A Design.md is a single flat file. It loads in full. No structure, no on-demand pieces. The whole point is that any AI tool can read it: Claude, Cursor, Stitch, Figma Make, whatever comes next month.

The trade-off is portability versus depth.

Should Claude-users skip Design.md and only use Skills?

If you work exclusively in Claude, technically yes, a Skill is the more powerful tool. But there are real reasons Claude users still write Design.md files:

It is faster to start with. 
A Design.md is one file. You write it, you save it, you drop it into a Claude project or attach it to a conversation. A Skill is a folder with structured metadata at the top of the entry file, sub-files Claude loads on demand, and conventions you need to follow. There is real setup work before you can use it. For a small or new design system, that setup might not be worth it.

It’s easier to share 
A Design.md is one markdown file. You can send it to another designer, paste it into Slack, publish it in a blog, or use it across different AI tools. A Skill is also shareable, and often shared as a GitHub repo, but it takes a bit more setup, especially for a non-developer.

Other people on your team might not use Claude. 
Even if you do, the marketing person next to you might use Stitch. A Design.md serves them too.

It is a useful artefact in its own right. 
Writing a Design.md forces you to think through your system. The output is valuable to humans, not just AI. A Skill is more of an internal Claude mechanism.

So even Claude-heavy teams often have Design.md files.
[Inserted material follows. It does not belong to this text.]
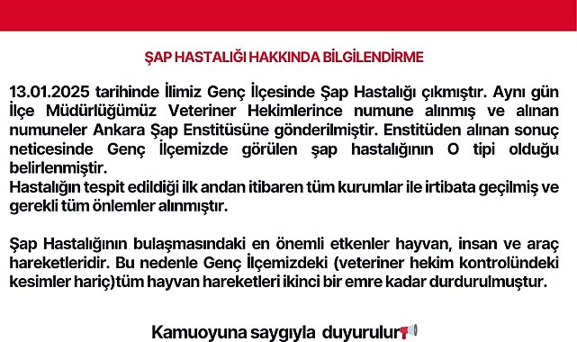 Bingöl'ün Genç ilçesinde şap hastalığı nedeniyle 21 gün süreyle karantina uygulaması başlatıldığı bildirildi.Bingöl İl Tarım ve Orman Müdürlüğü'nden yapılan açıklamada, "13 Ocak 2025 tarihinde ilimiz Genç ilçesinde şap hastalığı çıkmıştır. Aynı gün İlçe Müdürlüğümüz veteriner hekimlerince numune alınmış ve alınan numuneler Ankara Şap Enstitüsüne gönderilmiştir. Enstitüden alınan sonuç neticesinde Genç ilçemizde görülen şap hastalığının O tipi olduğu belirlenmiştir. Hastalığın tespit edildiği ilk andan itibaren tüm kurumlar ile irtibata geçilmiş ve gerekli tüm önlemler alınmıştır. Şap hastalığının en büyük belirtileri ağızda salya, ağız, dil ve ayaklarda oluşan yaralardır. Şap hastalığının bulaşmasındaki en önemli etkenler hayvan, insan ve araç hareketleridir. Bu nedenle Genç ilçemizdeki (veteriner hekim kontrolündeki kesimler hariç) tüm hayvan hareketleri ikinci bir emre kadar durdurulmuştur. Kesime gönderilen hayvanlar için her türlü temizlik ve dezenfeksiyon işlemleri kesimhaneyi de kapsayacak şekilde başlatılmıştır. Alınan sıkı tedbirler sonucunda hastalık çıktığı bölgede kontrol altına alınmış, ilimizde an itibarıyla başka bir bölgeye bulaşması engellenmiştir. Bu nedenle yetiştiricilerimizin panik yapmadan işletmelerine yabancı kişileri sokmamaları, kendilerinin de başka işletmelere girip çıkmamaları, hayvan alım-satımını durdurmaları veya alacaklarsa yeni aldıkları hayvanlarını diğer hayvanlarının içine katmadan en az 21 gün başka bir bölmede karantinada tutmaları, 21 gün sonunda hastalık belirtisi göstermedikleri takdirde hayvanlarının içine katmaları, ahır girişlerinde dezenfektan veya sönmemiş kireç bulundurmaları ve aşılama için gelen veteriner hekimlere yardımcı olup tüm hayvanlarını mutlaka aşılatmaları büyük önem arz etmektedir" denildi.Açıklamanın devamında şu ifadelere yer verildi:"Şap hastalığı viral bir hastalık olduğundan direkt hastalığı iyileştiren bir ilaç yoktur. Hastalık ile ilgili en önemli mücadele yöntemi hareketlerin azaltılması, temizlik ve dezenfeksiyon işlemidir. Hastalık 2 yaşın altındaki hayvanlarda zaman zaman öldürücü olabilmektedir. Son günlerde gerek sözlü olarak ve gerekse bazı sosyal medya hesaplarından 'Şap hastalığı iyileştiren ilaç var. Bu ilacı kullanırsanız hayvan yemeye başlar. Bu hastalık şap değil şu ilaçları kullanın' benzeri söylemler ile yetiştiricimize ilaç satmak isteyen kişiler tespit edilmiştir. Bu kişilere kesinlikle itibar edilmemesi gerekmektedir. Konu ile ilgili olarak tarafımızca bu kişiler tespit edilip, gerekli yasal tedbirler alınmaktadır. Şap hastalığının bilinen en iyi tedavi yöntemleri yukarıda belirtilmiştir. Bunun dışında yapılacak müdahaleler hem hastalığın yayılmamasına, hem hayvanınıza ve hem de yetiştiricilerimizin ekonomisine zarar verecektir. Lütfen bu tür durumlarda İl/İlçe Tarım ve Orman Müdürlüklerimize başvurunuz. Şap hastalığı ile ilgili aşılamalarımız devam etmekte olup, yapılan program çerçevesinde tüm il, ilçe, köylerimizde bulunan büyükbaş hayvanlar aşılanacaktır. Şap hastalığı insanlara bulaşmayan ancak hayvanlara zarar verdiğinden ülke ekonomisine olumsuz etkileri olan viral bir hastalıktır. Hastalığa yakalanan hayvanların sütü bulunduğu yerden dışarı çıkarılmamak kaydıyla çok iyi şekilde kaynatılarak insan beslenmesinde kullanılabilir."

Not because Skills cannot do the job, but because Design.md is a lighter, more portable, more human-readable format.

When to use which


NOTE: The two are not mutually exclusive. A Design.md can live inside a Skill folder. Or a team might have both: a full Skill that holds the design system, examples, and supporting documents, and a Design.md as a portable summary that other tools can read. Use what fits the team. The point is not to pick a winner, it is to give the AI a reliable reference.
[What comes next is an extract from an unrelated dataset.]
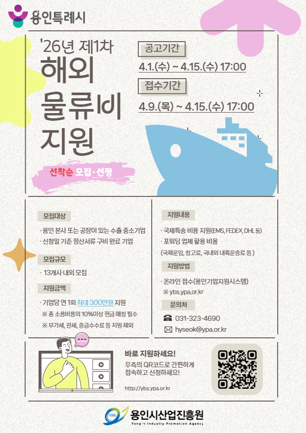 용인특례시와 용인시산업진흥원은 최근 중동 사태로 인한 글로벌 공급망 불안이 심화됨에 따라, 관내 수출기업의 피해를 최소화하기 위한 ‘수출 물류비 지원사업’을 긴급 추진한다고 1일 밝혔다.

How Design.md fits with the rest of the design system

A Design.md is not a replacement for your design files or your component library. It complements them. The design files stay the canonical visual truth. The component library stays the implementation. The Design.md is the layer that explains the logic of the system to the AI, so the AI can extend the system to new screens without breaking that logic.

And it is worth saying out loud: markdown is not deterministic. The AI will follow your Design.md most of the time, and miss occasionally. It is 80-20. It is in the design and development team’s hands to make sure the final product is what it should be.
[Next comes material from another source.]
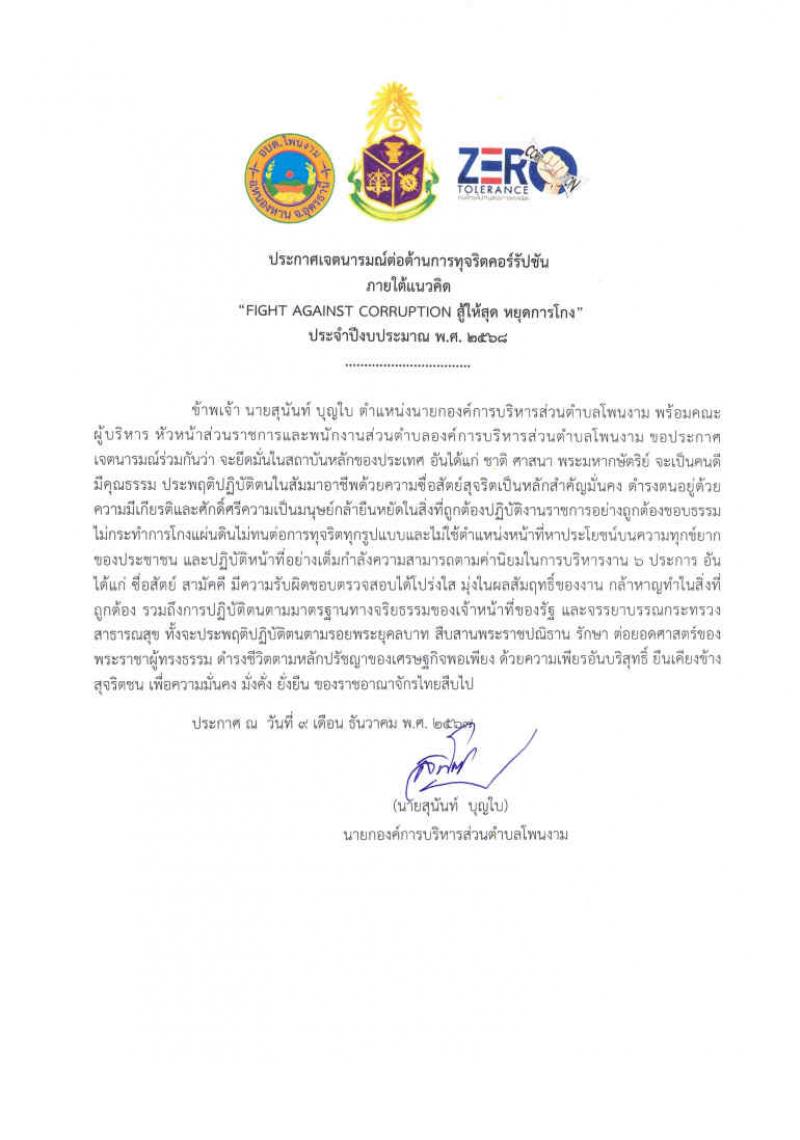 ประกาศเจตนารมณ์การต่อต้านการทุจริตคอรัปชั่นของผู้บริหาร ประจำปีงบประมาณ 2568

What Design.md is good for and what it is not

A Design.md is good for

  • Prototyping new screens fast, on-system
  • Aligning multiple people prompting AI tools to produce work that looks like it came from one product
  • Encoding the legacy lessons your team has learned, so the AI does not reintroduce drift you already cleaned up
  • Onboarding a new designer or developer to your visual logic in fifteen minutes

A Design.md is not good for

  • Replacing your component library
  • Making a brand-less product feel branded by copying someone else’s file
  • Producing pixel-perfect production output from prompts alone (a girl can dream, though)
  • Enforcing accessibility (the agent will follow your rules, but it will not catch every contrast failure; you still need a review)

The honest framing is that a good Design.md gets you to roughly 80 percent. The remaining 20 is judgment, refinement, and the kind of decision-making that does not compress into a markdown file. That last 20 is still a designer’s job.

The takeaway

Design.md is a small format with a useful pattern. The pattern is: write down the rules of your system in a way an AI agent can read, and the agent will follow them most of the time. The trap is thinking the format itself does the work. It does not. The work is in the rationale, the constraints, and the honesty about what your product actually looks like today.

If you write it well, an AI tool can extend your system to new screens without making them feel like a different product. If you just scrape another brand’s style into a design.md, you get some semi-coherent stranger pretending to be your brand.

Hype fades. The work of writing down what your system actually is, and why, does not.